I sensed someone in the shop. Two someones. My little Salamander, which I'd forgotten about and was still floating about upstairs, gave me images of Crwys and Levi as they came in through the front door (oh great, that door lock is broken too) and headed down the steps.
Crwys appeared first, with Levi behind him. He looked at me, looked at the hammer, saw the incense, and held out his hand. "Wait. Don't destroy it."
"She already broke it once," Kyle said. His voice was tight, and I was pretty sure he was pissed at me for speaking so badly about his aunt. But let's get real, the woman was a raging lunatic.
I pointed up. "You see what Arden did to my shop? She broke in, destroyed my livelihood, and took Ivan. This is kidnapping. I want her arrested and I want Ivan found." I refocused on Medbh. "Now the truth, you fucking bitch.

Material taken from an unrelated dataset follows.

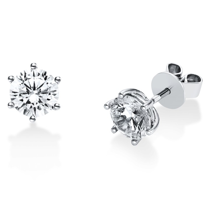 Solitaire Ohrstecker aus 750 Weißgold 2 Brillanten 2ct TW-SI Ø6,8mm 6er-Krappe

Were the Changelings created to get your attention?"
A long pause.
This time I hit the head hard with the hammer and held the incense in the pile of ruins while it reformed around it. Surprisingly enough, the stick of burning incense now protruded from the head's mashed up nose with the burning end on the inside.
:Get it out!:
"Answer me!" I pulled another stick out, ready to light it up and break that damn head again.
:Yes! She wants my attention because she wants me dead! The Changelings were her idea of telling me she was here and coming for me!:
TWELVE
"Who wants your attention?" I continued holding the hammer over Medbh's head.
When she didn't answer, I raised the hammer with the full intention of smashing the damn thing into pieces small enough to bread chicken with. Medbh Panko.
Crwys grabbed my wrist. I was as surprised by his intervention as much as the heat in his palm. "Stop, Sam. She's not there anymore. Can't you tell?"
"Not there?" I wrenched my wrist free and concentrated on the ceramic head and listened. He was right. There was no echo of Medbh's thoughts, not even the feel of her presence, something I was getting used to. "How is that possible? I thought she was locked into her head?"
"I don't think whatever she is, is gone. I just think she's tuned you out. Maybe passed from the physical to the mental, or even the astral."
I glared at Crwys. "Right. Like you can tell."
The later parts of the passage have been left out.